Personal information
- Born: Cristopher J. Clancy September 9, 1924 Woburn, Massachusetts, U.S.
- Died: June 11, 1988 (aged 63) Tulsa, Oklahoma, U.S.

Professional wrestling career
- Ring name(s): Irish Mike Clancy King Clancy Mighty Titan
- Billed height: 5 ft 10 in (1.78 m)
- Billed weight: 209 lb (95 kg)
- Debut: 1948
- Retired: 1967

= Mike Clancy =

American professional wrestler (1924–1988)

Cristopher J. Clancy (born September 9, 1924 – June 11, 1988), better known as Mike Clancy, was an American professional wrestler, sheriff and businessman. Clancy became a prominent performer throughout the National Wrestling Alliance from 1948 to 1967, capturing the NWA World Junior Heavyweight Championship and having feuds with Lou Thesz, Verne Gagne and Freddie Blassie.

==Early life==
Born to John and Mary Clancy in 1924, Clancy attended Warren Academy and wrestled as an amateur in his youth. During World War II Clancy served in the United States Coast Guard. He began his professional wrestling career in 1945 at the close of the war.

==Professional wrestling career==
Clancy competed throughout the United States from 1945. He became a mainstay for various National Wrestling Alliance promotions over the next decade and on April 10, 1956, he captured his first world title by defeating Ed Francis for the NWA World Junior Heavyweight Championship.
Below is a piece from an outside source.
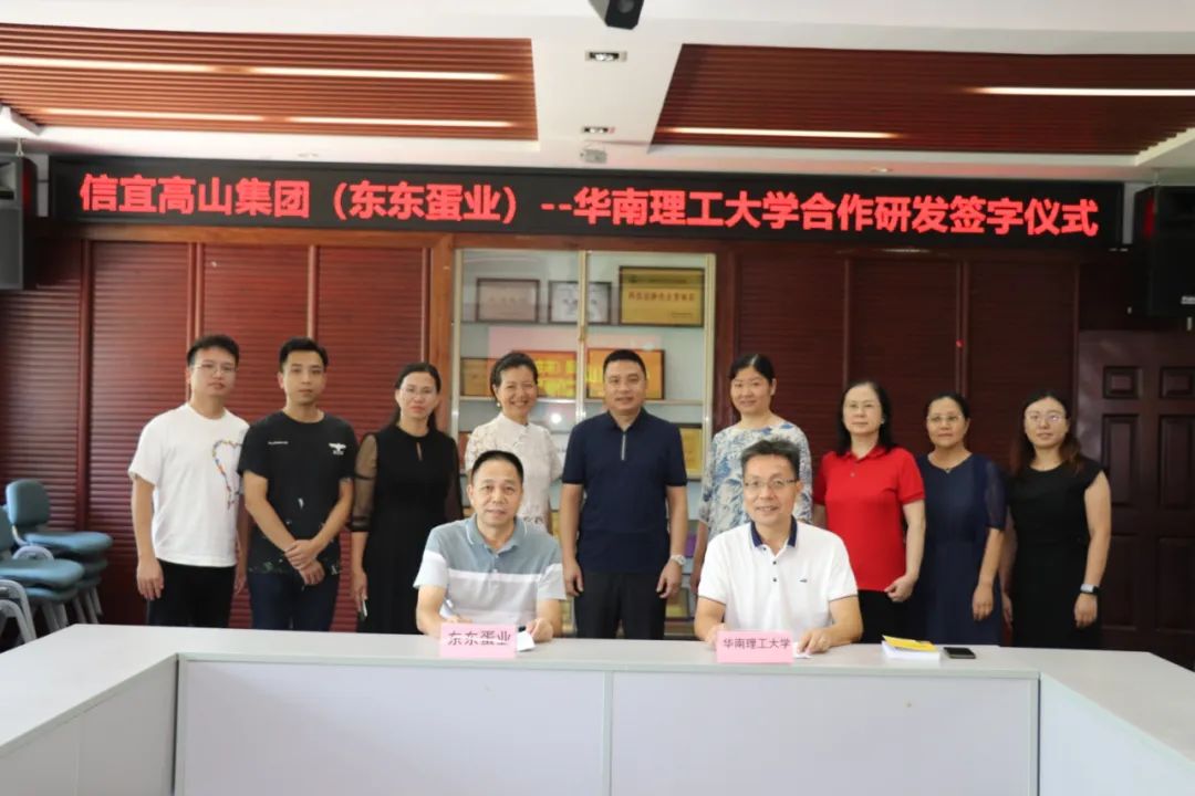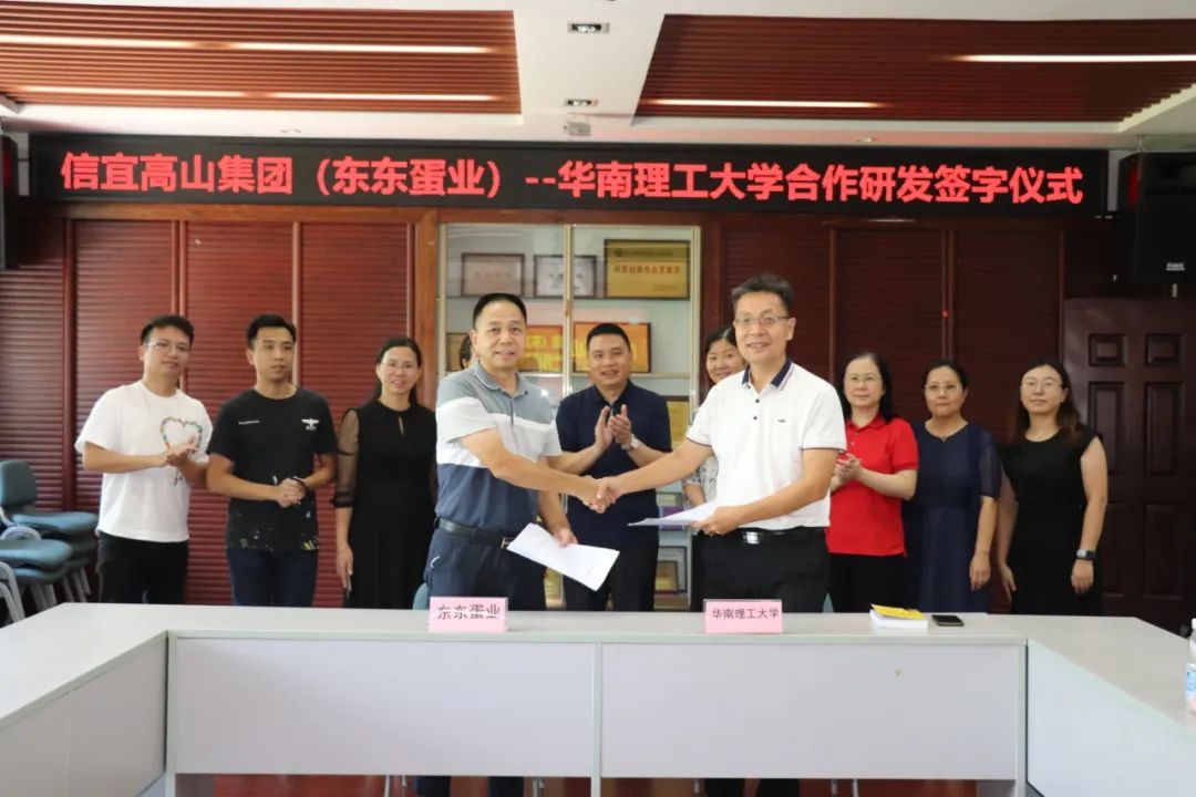 2022年9月3日上午,東東蛋業(yè)(廣東)有限公司與華南理工大學(xué)食品學(xué)院戰(zhàn)略合作簽約儀式在廣州舉行,高山集團(tuán)掌舵人梁其佳、東東蛋業(yè)總經(jīng)理黎來(lái)鳳和團(tuán)隊(duì)代表梁財(cái)權(quán)、梁鑫,華南理工大學(xué)食品科學(xué)與工程學(xué)院黨委書記譚志偉、碩士生導(dǎo)師李汴生教授及其創(chuàng)新團(tuán)隊(duì)代表參加了簽約儀式,召開技術(shù)座談會(huì),并決定成立華南理工大學(xué)食品學(xué)院(李汴生教授)信宜創(chuàng)新中心。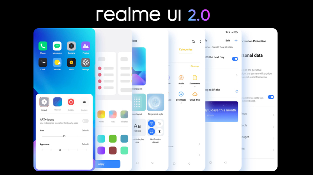 Thiết bị sử dụng hệ điều hành Android 11, giao diện Realme UI 2.0 trực quan thân thiện, có nhiều biểu tượng và tùy chỉnh trên màn hình điện thoại dễ dàng.

Clancy lost the title for the final time against Angelo Savoldi in 1958. Clancy defeated Jackie Fargo for the NWA Southern Junior Heavyweight Championship in December 1959 and also won the NWA World Tag Team Championship with Oni Wiki and the United States Tag Team Championship with Al Lovelock.

During one match, he was 'attacked' by Mr. Moto outside the ring with a shoe. Moto was a native of Hawaii but was billed from Japan, whom the United States had only recently accepted surrender from, ending World War II. One fan became so enraged at the 'attack' that he took out a knife and indicted to a security guard called Billy Jack that he intended to "kill the bad guy". Jack, who was armed, told the fan that he disliked Moto also and told him to do it. As the fan approached the ring, Jack disarmed him from behind and stopped the potential assault.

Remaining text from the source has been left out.